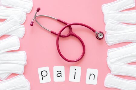 Menstrual period. Gynaecologist and woman health concept with pain word, stethoscope and sanitary pads on pink background top view
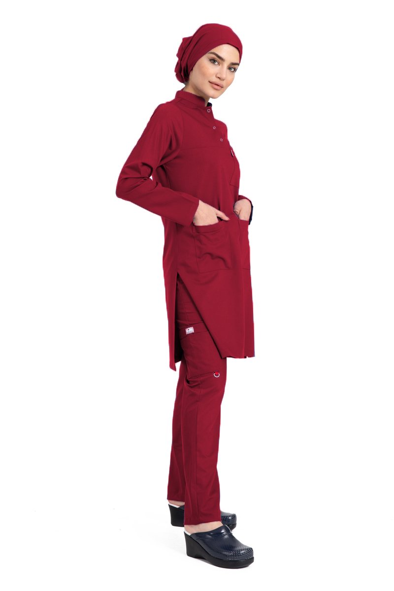Labor Tesettür Scrubs Forma TST-03 | Elastik Likralı Pamuklu | Doktor & Hemşire 42/L - Bordo
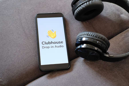 Clubhouse application view on the smartphone, controversy 2021 that hides behind the Social app. Clubhouse drop in audio chat application view on the smartphone
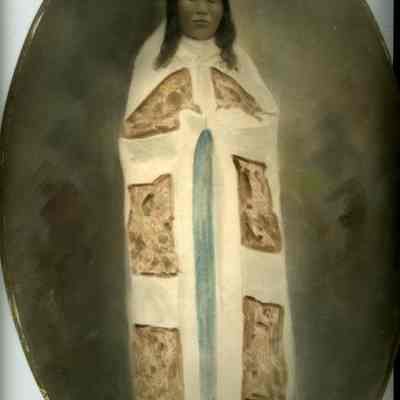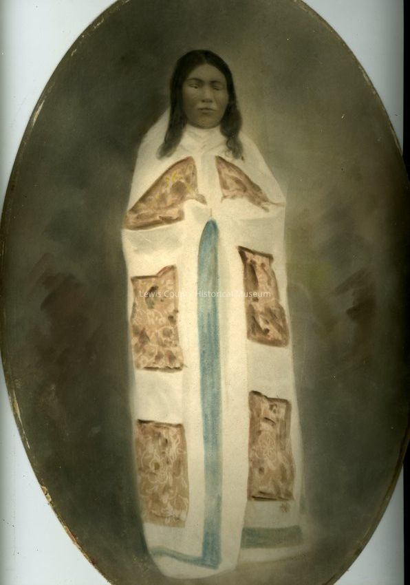 John Ike portrait. He is in native robe. Born in 1870, lived in Winlock at death. Oval frame.

■ ■ ■ ■ ■

_Instructions to follow_
Pictures stay out of this copy. Retype exactly the lines from the one with "Labor Tesettür Scrubs" through the last line of the data, both ends included, and nothing more.

_Your solution_
Labor Tesettür Scrubs Forma TST-03 | Elastik Likralı Pamuklu | Doktor & Hemşire 42/L - Bordo
 Clubhouse application view on the smartphone, controversy 2021 that hides behind the Social app. Clubhouse drop in audio chat application view on the smartphone
 John Ike portrait. He is in native robe. Born in 1870, lived in Winlock at death. Oval frame.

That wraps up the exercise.